Study of Nematics-Substrate Coupling Characteristics and Nematics Material Parameters in Dependence on Cell Thickness by Using Wedge Cells of Different Cover Coatings

Abstract

The dependence of characteristics of the coupling between nematics and substrates on the planar cell thickness was suggested in the literature. The aim of this study is verification of this hypothesis by exploiting well controlled experimental conditions and stable computational algorithms for finding the characteristics of the nematics-substrate coupling together with the anisotropy of diamagnetic susceptibility and the splay and bend elastic constants via solving inverse problems. Wedge cells (of the wedge angle of the order of few milliradians) were used for studying Fréedericksz' transition of splay-bend type. The phase shift between ordinary and extraordinary rays of light normally incident on cell boundary was used as a physical quantity monitoring the state of the director field inside a cell in selected zones, equivalent to flat-parallel cells of different thicknesses.

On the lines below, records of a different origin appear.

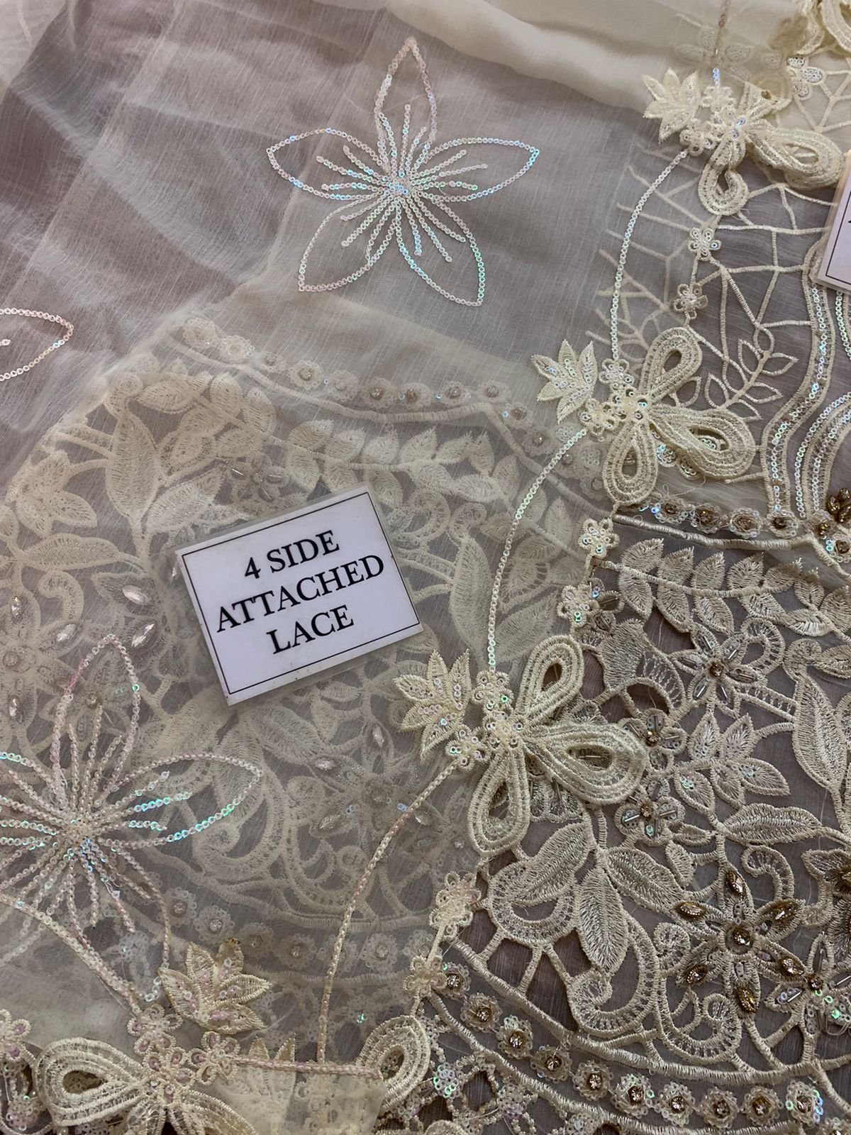 Chiffon Embroidered slevees full heavey adda work With Organza patch Attached
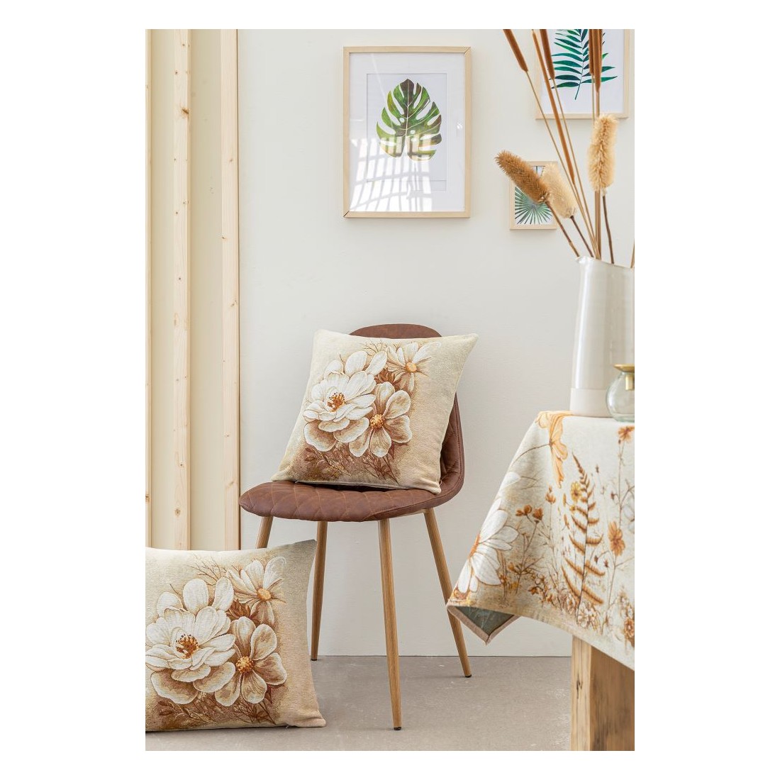Funda cojin Jacquard con flores blancas y tonos dorados en fondo beig NITRA. Cierre con cremallera. Lavable
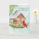 This hand-painted watercolor features a charming birdhouse adorned with a Happy Birthday banner, as a tufted titmouse and a cardinal stop by on a crisp winter day. Soft seasonal details and gentle colors create a warm, thoughtful scene, making it a lovely birthday piece for someone celebrating their 100th birthday!

The optical response was measured as a function of voltage or magnetic field applied to a cell. Experiments were performed with several cells, filled with the 4′-pentyl-4-cyanobiphenyl nematic liquid crystal (5CB), of cover coatings made of different polyimides producing strong anchoring. The magnitudes of the anisotropy of diamagnetic susceptibility, the splay and bend elastic constants and the anchoring angle were found through fitting simulated cell optical transmittance characteristics to the measured one for each equivalent cell separately. The apparent dependence of these magnitudes on cell thickness was observed when the fitting was performed to reach the minimal fit error. This effect is interpreted as misleading and corrected by considering the fitting with the same magnitudes of material constants to all measured transmittance characteristics, with a little greater fit errors. The independence of nematics constants and anchoring angle of cell thickness is finally concluded.